I've developed a Ruby gem to easily create .VTT file and sprite of thumbnails.
Thanks for inspiring #randalv!
You can take a look at it here:
https://github.com/scaryguy/jwthumbs
Usage
Instantiate your video file:
movie = Jwthumbs::Movie.new("YOUR_VIDEO.mp4")
Jwthumbs::Movie.new accepts second parameter as a options hash. You can configure several stuff at the same time you instantiate your video like this:
movie = Jwthumbs::Movie.new("YOUR_VIDEO.mp4", seconds_between: 60, sprite_name: "my_sprite_name.jpg")
or after you instentiated your video, you can use Jwthumbs::Movie file to configure things:
movie = Jwthumbs::Movie.new("YOUR_VIDEO.mp4")
movie.seconds_between = 60
movie.sprite_name = "my_sprite_name.jpg"
and then to create your thumbnails and .VTT file just run this command.
movie.create_thumbs!
I know this is already a few years old but I had the same problem and found a command line tool which generates sprites pretty fast and since 1.0.6 supports WebVTT creation out of the box. The name is mt and you can check it here.

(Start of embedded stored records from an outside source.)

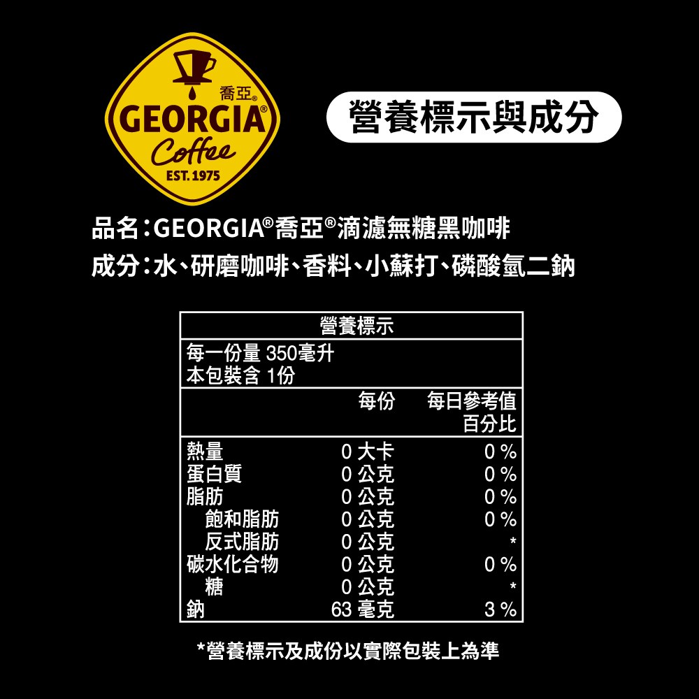 喬亞 阿拉比卡無糖黑咖啡,是您隨時隨地享受純正黑咖啡的最佳選擇。這款瓶裝咖啡採用100%阿拉比卡咖啡豆,滴濾工法萃取,口感醇厚順滑,讓您彷彿置身手沖咖啡館。每瓶350ml,一箱24瓶,無論是辦公室提神、戶外休閒,或是與朋友分享,都非常方便。無糖配方,讓您享受咖啡的原始風味,無負擔。可放入保溫櫃中加熱,隨時享受溫暖的咖啡。
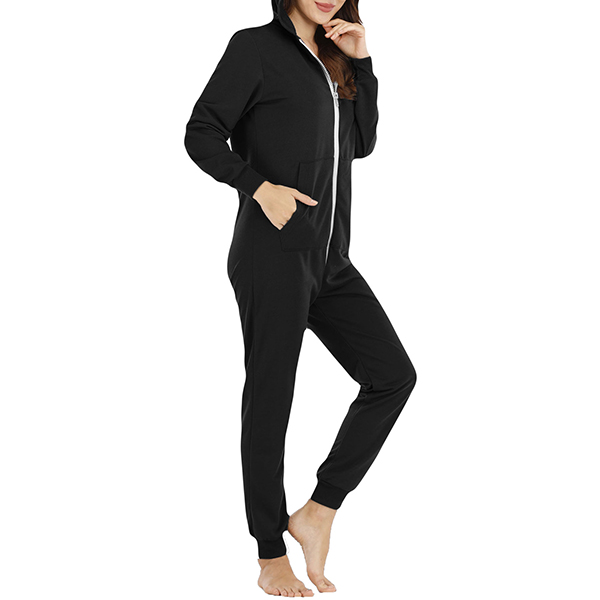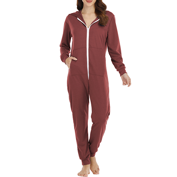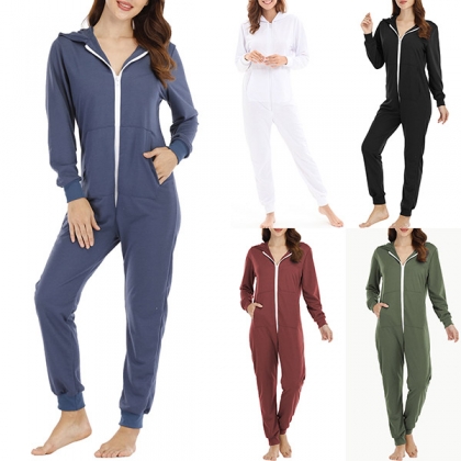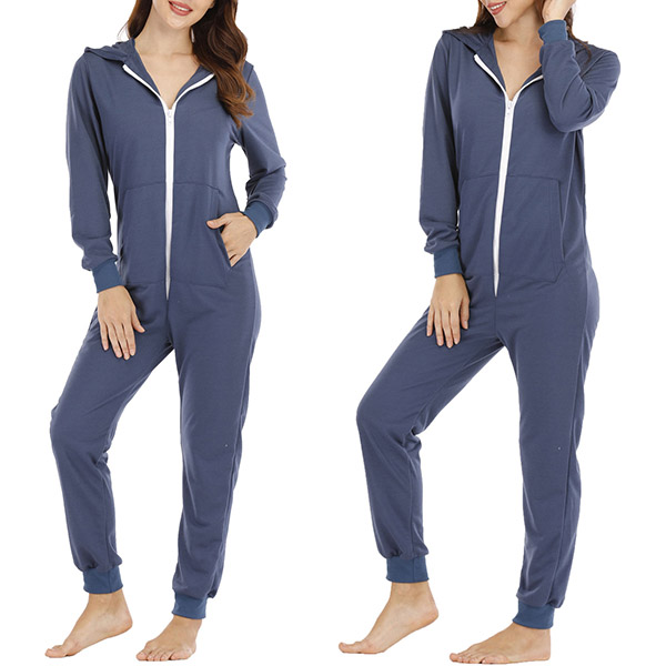 Fashion Long Sleeve Hoodie Pajamas Jumpsuit with Zip Closure
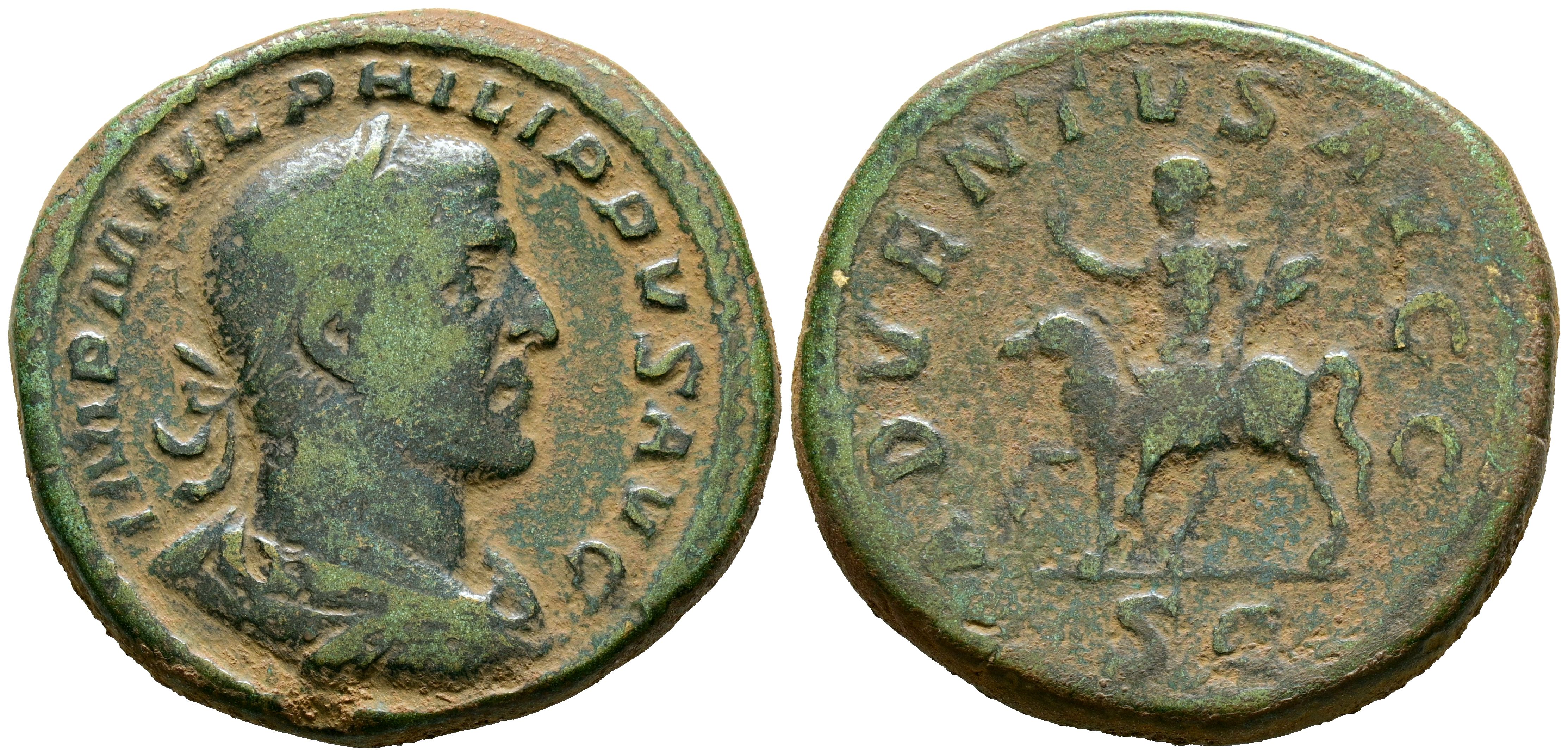 FILIPO I. Sestercio. (Ae. 21,76g/31mm). 244-249 d.C. Roma. (RIC 165). Anv: Busto laureado y drapeado de Filipo I a derecha, alrededor leyenda: IMP M IVL PHILIPPVS AVG. Rev: Filipo I a caballo a izquierda con lanza y levantando mano derecha, debajo: SC, alrededor leyenda: ADVENTVS AVGG. MBC-.

Quoting from their documentation you can use it like this:
just run mt and provide any video file as args: mt video.avi
Some of the settings can be changed through runtime flags provided
directly to mt for more information just run mt --help
Option 1 :
You can use the encoding.com's API and tell them to export vtt file too
I recommend to read "How can I create time synced thumbnails for use in JW player?" explanation from encoding.com's Knowledge base
Option 2 :
use movie thumbnailer (mtn), this is a command line tools running on UNIX, Windows systems. But you will have to write a custom script to generate the VTT file corresponding
Super fast! Thanks to FFmpeg's libavcodec.
Command line program: canbe used on remote connections to co-location servers, or used in scripts.
Batch mode: recursively search directories for movie files. Run at lower priority (nice 10 on Linux, idle on Windows) by default.
To run at normal priority use -n option.
Thumbnails are group together in one jpeg file and can be saved individually too (-I
option).
Work fine with Unicode filenames in both Linux & Windows
(might need to change the font with -f fontfile).